Our current data show that NADH exerts strong antioxidant activities. The restoration of these defense barriers by NADH is believed to explain its beneficial effects in our CSE model of COPD. This hypothesis is supported by the marked reduction in key biomarkers of oxidative stress in the lungs of NADH-treated CSE-exposed animals, such as MDA, the end-product of lipid peroxidation. The mechanisms by which NADH supplementation prevented the loss of antioxidant pathways have not clearly been defined but could be related to the mono-ADP-ribosyltransferases, sirtuins, and PPAR-γ co-activator1α (SIRT/PGC-1α) pathways.
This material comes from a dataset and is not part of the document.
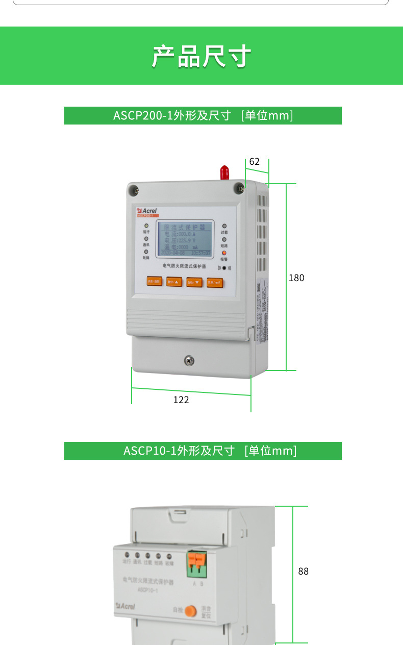 安科瑞ASCP200-20D电气防火限流式保护器 单相限流过载保护可有效克服传统断路器、空气开关和监控设备存在的短路电流大、切断短路电流时间长、短路时产生的电弧火花大,以及使用寿命短等弊端,发生短路故障时,能以微秒级速度快速限制短路电流以实现灭弧保护,从而能显著减少电气火灾事故,保障使用场所人员和财产的安全。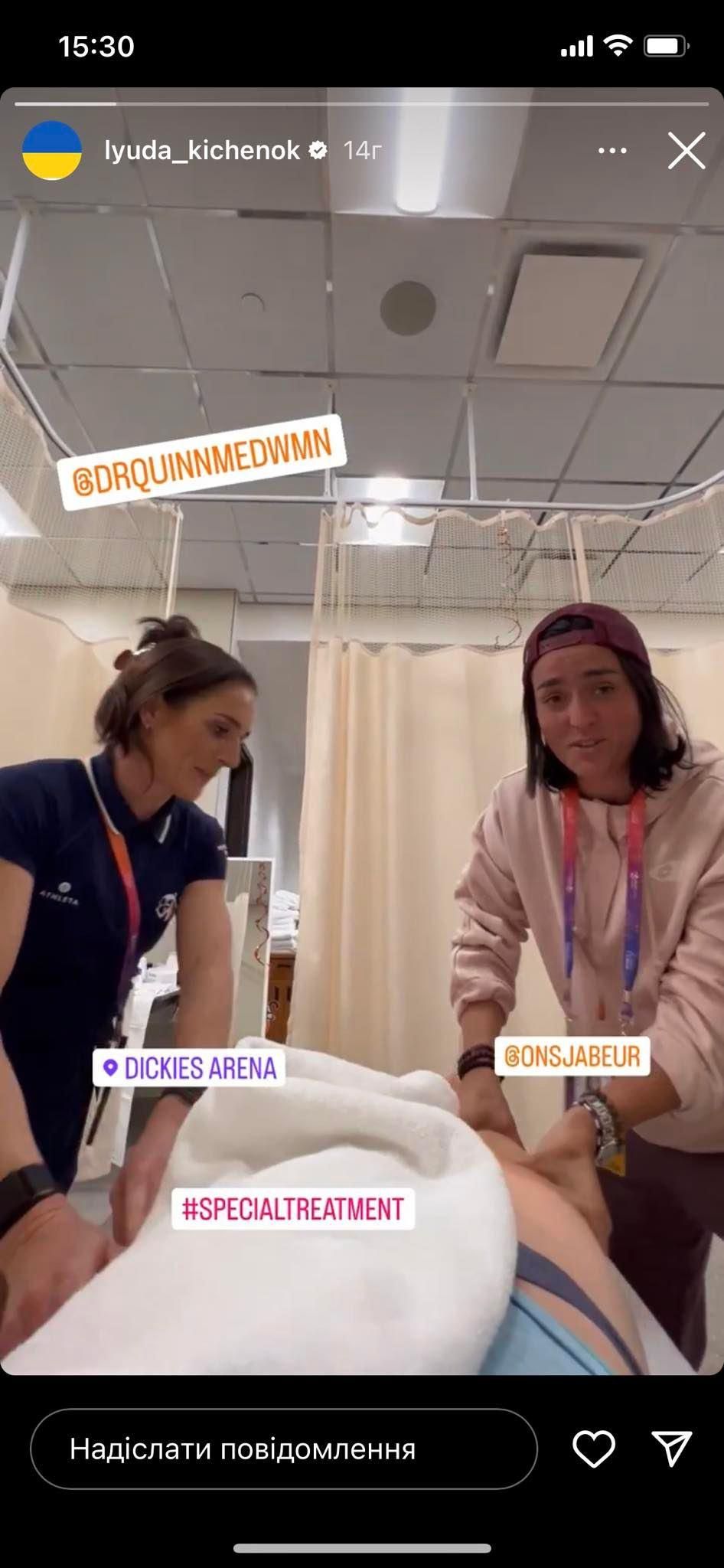 А після завершення півфіналу до масажної кімнати, де перебувала Кіченок, увійшла француженка Онс Жабер. Друга ракетка світу зробила нашій тенісистці масаж та підбадьорила.

Indeed, SIRT1 has been shown to exert several beneficial effects, including promoting mitochondrial biogenesis, preventing cell apoptosis, and restoring metabolic balance [50]. Interestingly, dexamethasone, used as our anti-inflammatory control drug, failed to reverse the loss of catalase and GPX, showing the superior clinical potential of NADH in our model (Figure 4).
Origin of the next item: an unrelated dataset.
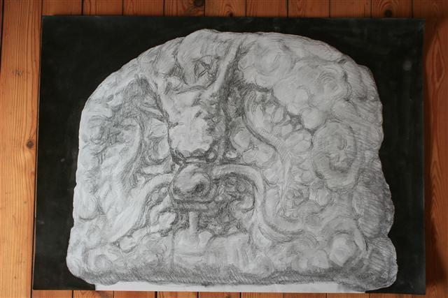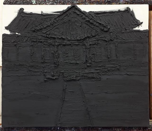 김성민 서양화가는 흑연으로 경기전을 그렸다. 일일이 갈아서 가루로 만든 흑연을 마치 까만 물감처럼 사용했다. 보통 4B연필로 그림을 그리지만 연필심의 본질인 흑연 자체로 작업한 것이 특징이다.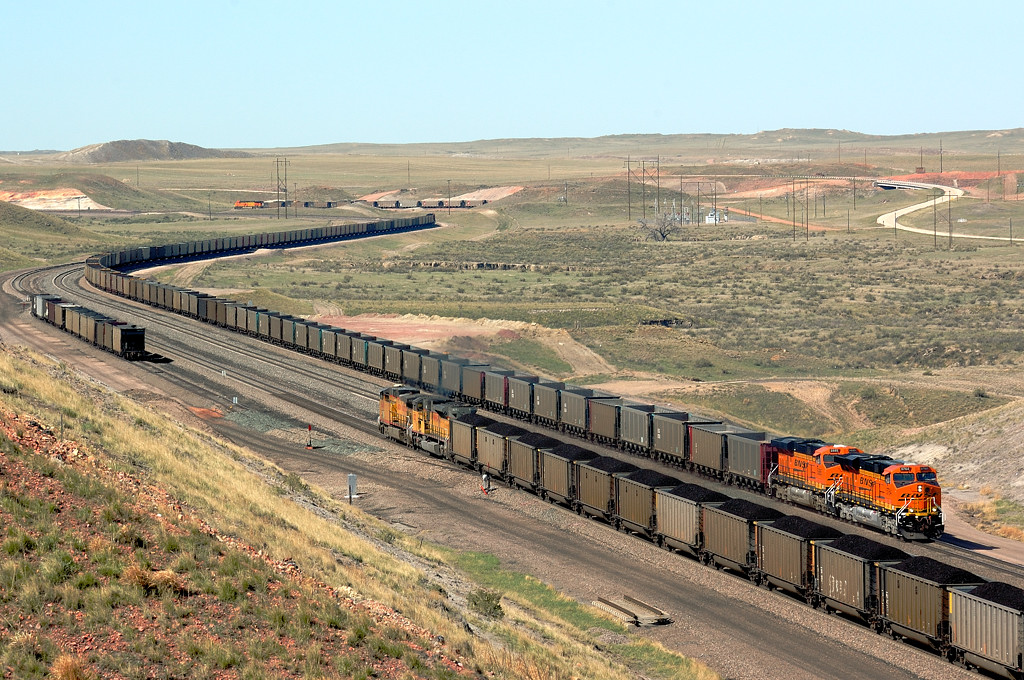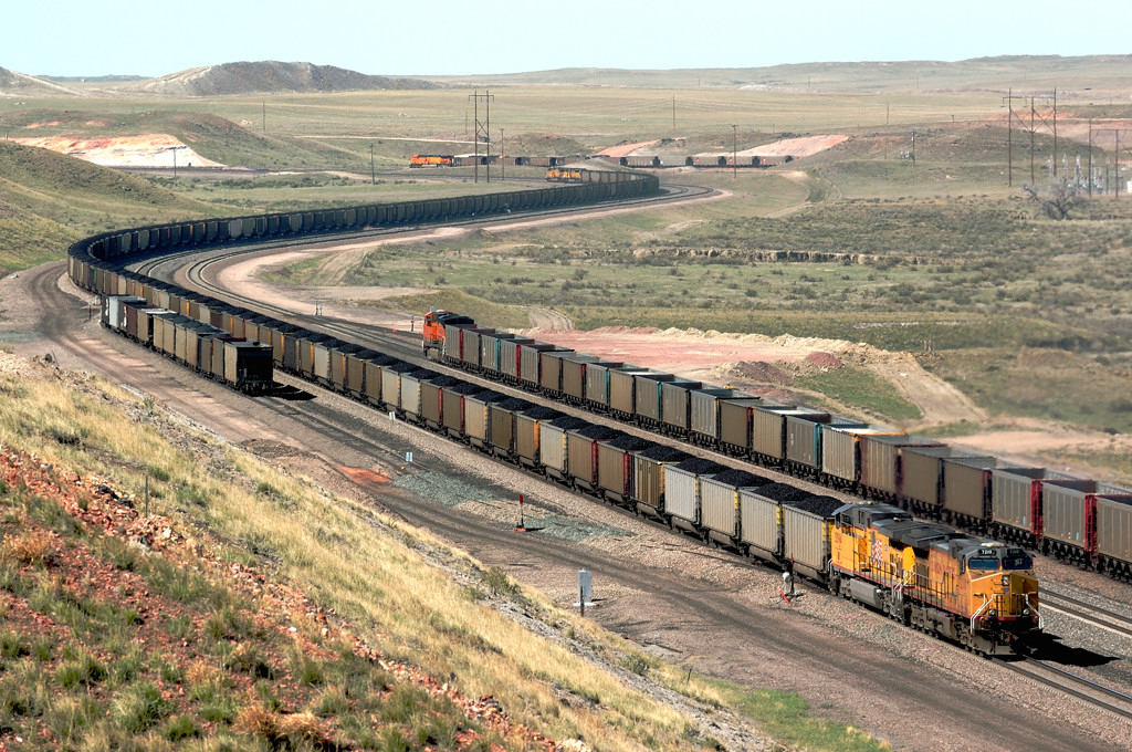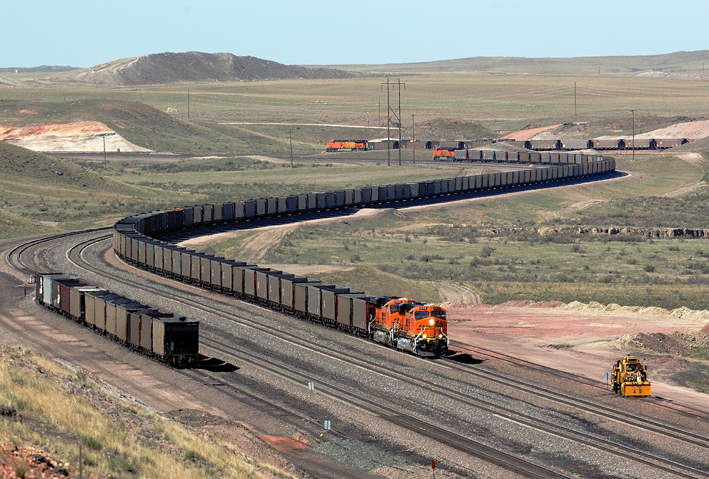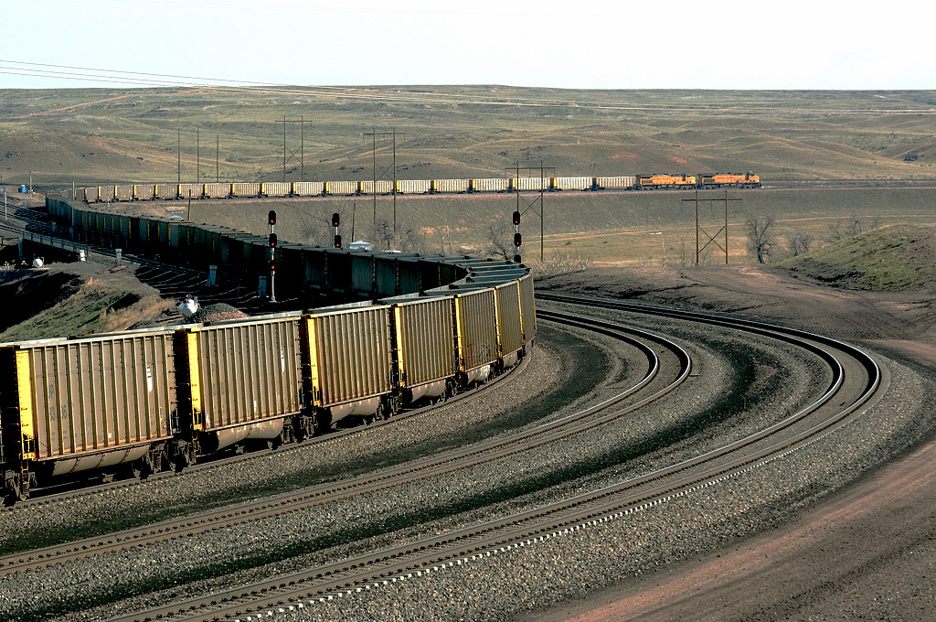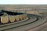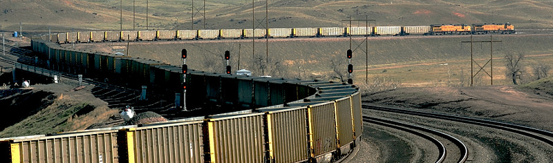 そこへ、ヤマから下るUPフルコールが交換する。1枚の写真に3本もの石炭列車が入っている。これぞパウダーリバーの迫力。RailPictures.net掲載 |

We believe that NADH supplementation may impact inflammation and associated lung injury by preventing CSE-induced mitochondrial dysfunction reported as an important source of ROS and proinflammatory factors in COPD, such as TNFα/IL-1β, which led to the recruitment of neutrophils [51]. Several lines of evidence from our report support this assumption. First, NADH blunted the expression of oxidative stress markers and markedly reduced the increased levels of TNF-α, IFN-γ, and IL-17 in the lungs of CSE-exposed mice. TNF-α and IFN-γ, which are predominantly produced by activated macrophages and lymphocytes, can trigger the release of CXCL10, a chemokine attracting monocytes, neutrophils, and T-cells, notably Th1 cells, thereby contributing to pulmonary emphysema [48]. In addition, all of these cytokines are involved in COPD pathogenesis via their contributions to both lung structural abnormalities and the recruitment/activation of inflammatory cells [49]. For example, a recent systemic review and meta-analysis study conducted with n = 2268 patients confirmed a critical role of IL-17 in driving neutrophilic inflammation and exacerbation in COPD [52]. It is not surprising to see that reducing lung levels of IL-17 by NADH was associated with a parallel decrease in lung MPO activity, an heme-containing peroxidase mainly expressed neutrophils [53]. Although we did not measure the neutrophil count in the lungs, we saw a complete drop in the total number of granulocytes recruited by CSE in the blood via NADH treatment. This again suggests that NADH therapy is a strong modulator of neutrophilic inflammation in lungs exposed to cigarette smoke. Other investigations encompassing both animal and clinical studies have emphasized the role of IL-17, primarily originating from CD4+ Th17 cells, in regulating the recruitment of macrophages and neutrophils, as well as modulating chemokine activity. Moreover, IL-17 has been closely associated with the development and progression of COPD [3,52].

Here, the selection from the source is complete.